Gli storici che rubano loro lo spazio determinano un interrogativo. A fronte di Castelli, e con perfetta legittimità e perfino con singolare affinità, potevano essere presenti maestri della figurazione come Lino Frongia, Nicola Samorì, Nicola Verlato, Enzo Cucchi, e altri sparsi. Ma Castelli mi impone di richiamare i maestri della scuola di Palermo sostanzialmente ignorati, pur nel loro merito distinto (Francesco De Grandi, Alessandro Bazan, Fulvio Di Piazza, Andrea di Marco), alcuni dei quali legittimamente presenti nella bella mostra «Ciò che vedo. Nuova figurazione in Italia», alla Galleria Civica di Trento, curata da Margherita de Pilati; e, isolato ma potente nel suo spazio vertiginoso e nei suoi soggetti satirici e impietosi, Enrico Robusti, cui è dedicata ora una mostra monografica al Labirinto della Masone di Franco Maria Ricci.
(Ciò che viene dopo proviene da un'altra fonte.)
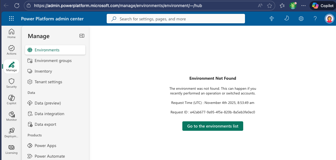 “https://admin.powerplatform.microsoft.com/manage/environments/environment/8908b4f2-71da-e29b-a1cd-da124dc14155/hub“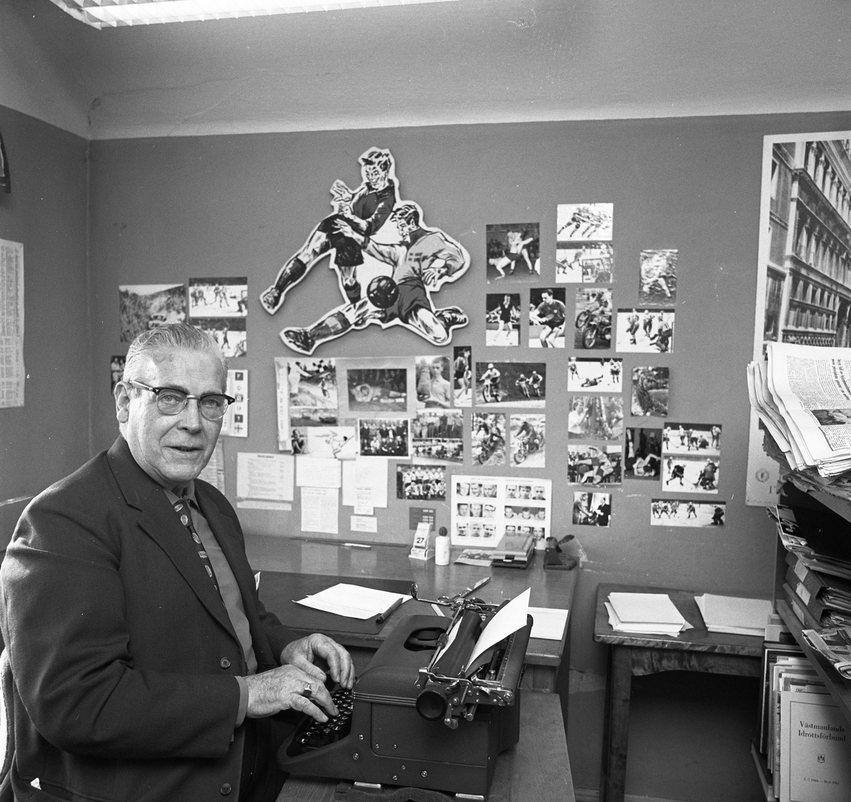 Arboga Tidning, personal och interiör. En man sitter vid skrivmaskinen. Han är förmodligen sportjournalist. På väggen sitter en stor samling idrottsfotografier. I bokhyllan, framför mannen, står en skrift med titeln "Västmanlands Idrottsförbund".
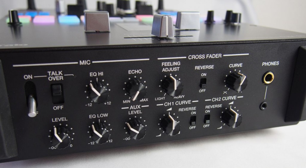 Eigentlich ein klassischer Zweikanaler. Typischerweise ist um die Fader viel Platz. Im Gegensatz zum Crossfader sind die Linefader nicht magnetisch ausgeführt. Aber sie sind (frontseitig) einzeln in Wirkungsrichtung (Reverse) und in der Faderkurve einstellbar. Die Levelkontrolle (Kanal und Master jeweils extra) hat neben LED-Segmenten eine zusätzliche Clipanzeige, die verzerrtes Mastersignal vermeldet.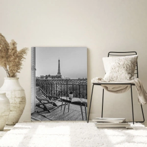 A Párizsi délután egy festmény, amely egy párizsi erkélyről nyíló romantikus kilátást ragad meg. A nyitott ajtón keresztül Párizs klasszikus építészetét látjuk, háttérben az Eiffel-toronnyal, elegáns erkélyek és teraszok között. Az előtérben egy asztal egy könyvvel és egy növénnyel békés hangulatot teremt, amely tökéletes a nyári napok pihenésére. A festmény általános fekete-fehér színei nosztalgikus hangulatot kölcsönöznek, kiemelve a párizsi látkép időtlen eleganciáját.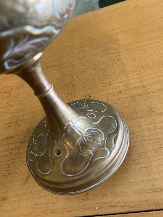 Chất đồng thau, hoa văn gò thủ công hình Búp Sen cực đẹp, đồng bộ trên Bầu và chân đèn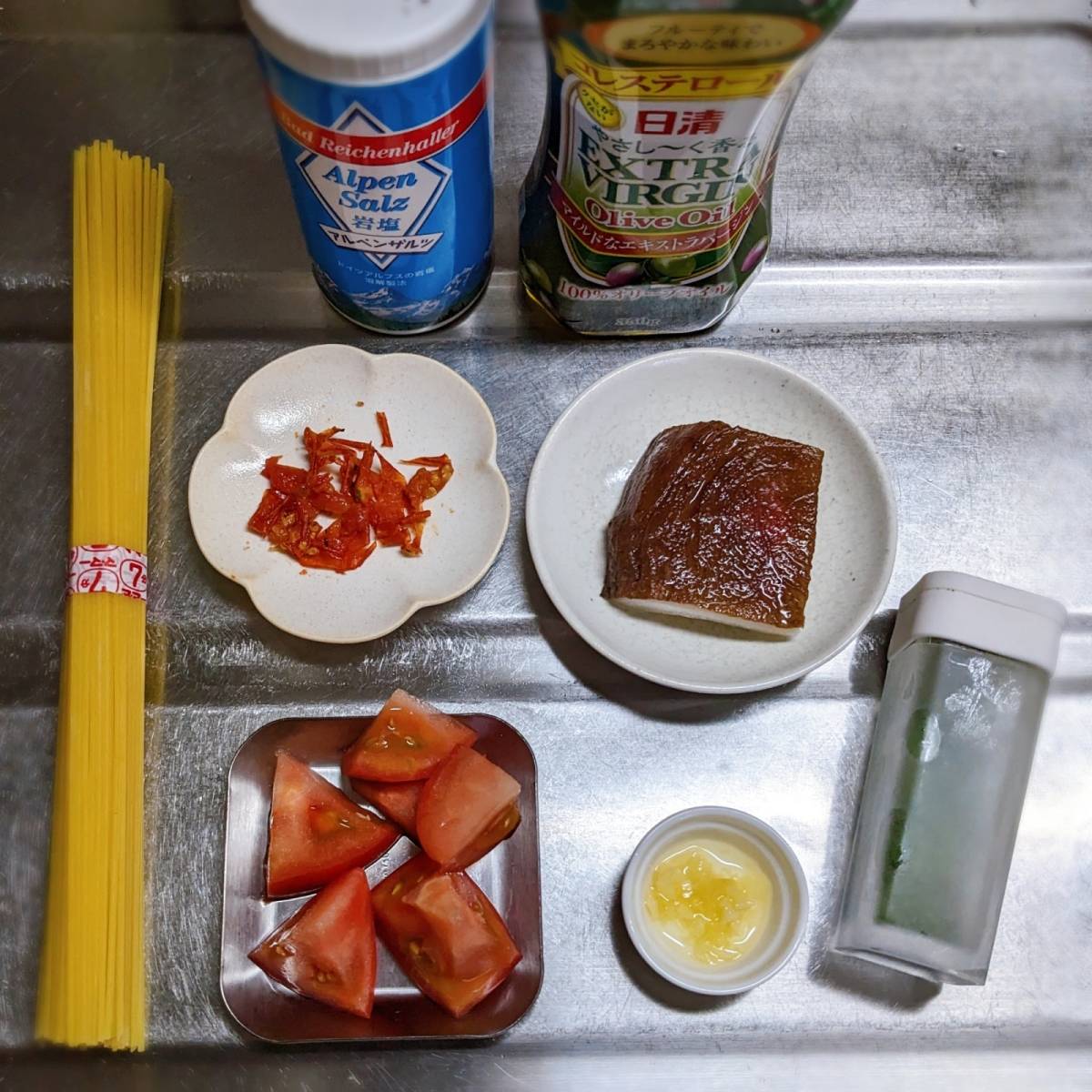 1人前で「たことドライトマトのスパゲティ」を作ってみましたよ♪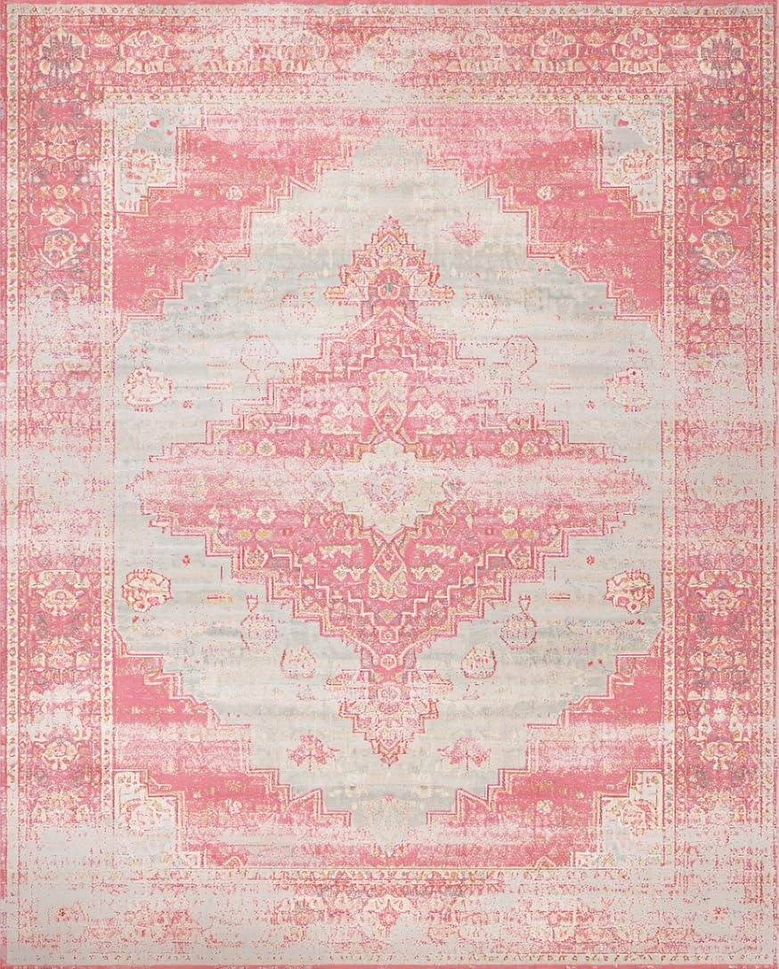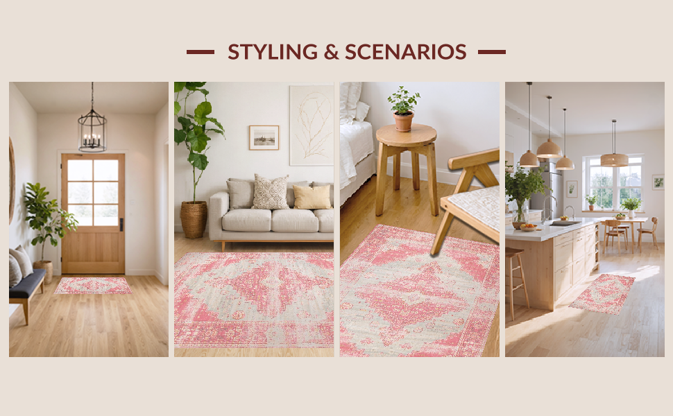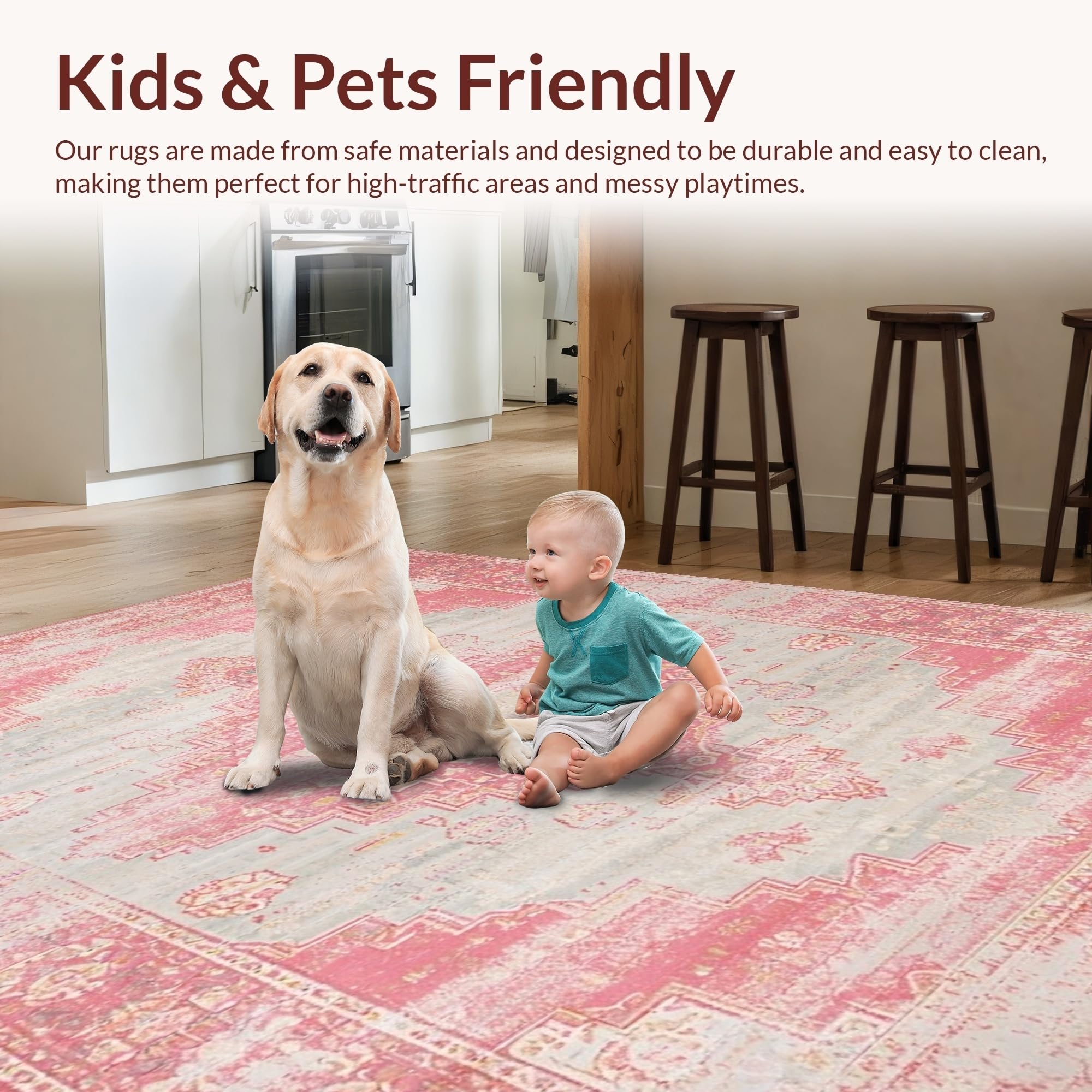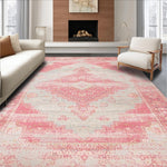 Ultra Soft Area Rug, Non Slip, Stain Resistant, Washable Area Rugs for Living Room, Bedroom, Cozy Textured Linear Accents(Pink) Overview: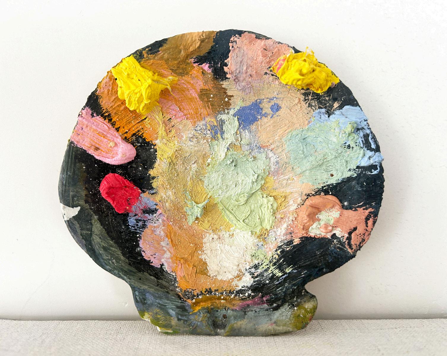 28) Tessa Greene OBrien Scal op Shel Palette, 2024-2025, O l wax, marb e dust on sca lop she l4 x 4 x 1 5 in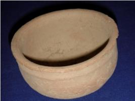 | Description / विवरण | Coarse terracotta pot with an oval base, cylindrical body, which is carinated towards upper part and a thick and averted rim. The mouth is broad. |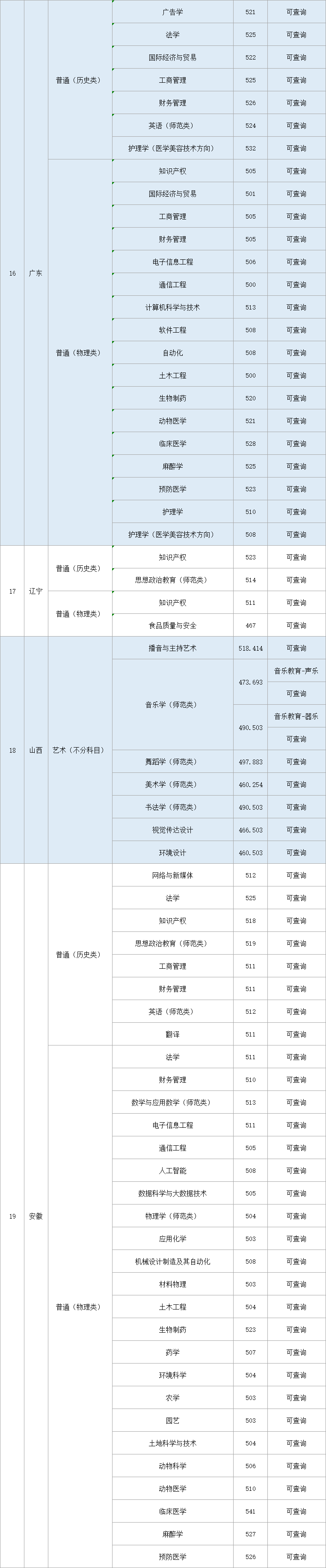 | 7月20日至7月28日,我校完成了福建普通类、湖南普通类、湖南体育类、河南普通类、贵州普通类、湖北普通类、海南普通类、广西普通类、内蒙古普通类、甘肃普通类、江苏普通类、河北普通类、重庆普通类、山东普通类、云南普通类、江西普通类、江西体育类、江西艺术类、浙江普通类、广东普通类、辽宁普通类、山西艺术类、安徽普通类的录取工作,具体录取情况如下: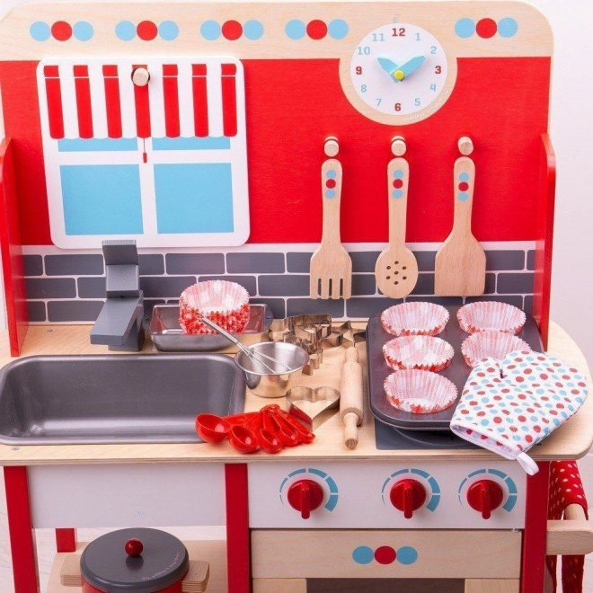 Táto komplexná sada na pečenie obsahuje všetko vybavenie, ktoré každý malý kuchár potrebuje pre svoje prvé pečenie. Vrátane plechu na pečenie, chnapky, formy na bochník, šľahacej metly, dreveného valčeka, misky, sady odmerných lyžíc a šiestich vykrajovačiek na pečivo.

Se mai vi fu pittura labirintica, in un assetto spaziale che allontana e avvicina le immagini, e muove lo spazio con spirito borrominiano, questa è quella di Enrico Robusti. Attento ai maestri eccellenti, scavalcando la Quadriennale, se ne accorge Camillo Langone, che scrive: «Robusti è un pittore coraggioso e indipendente, fiorito lontano, dal punto di vista geografico ma soprattutto culturale, dai centri dell'arte per addetti ai lavori, spesso concettuale e quasi sempre afasica. Invece Made in Italy parla a voce alta, esprimendo un ottimismo incredibile e ammirevole. Robusti ha dipinto l'Italia che tutti vorremmo e che forse potrebbe perfino essere, se riuscissimo a liberarci dalla negatività che ci opprime in tutti gli ambiti».
Se musei civici e
fondazioni illustri ci indicano i faticosi percorsi degli artisti contemporanei, credo che sarebbe comunque opportuno che anche la Quadriennale, per rispetto della realtà del nostro tempo, se ne facesse carico. Alla prossima.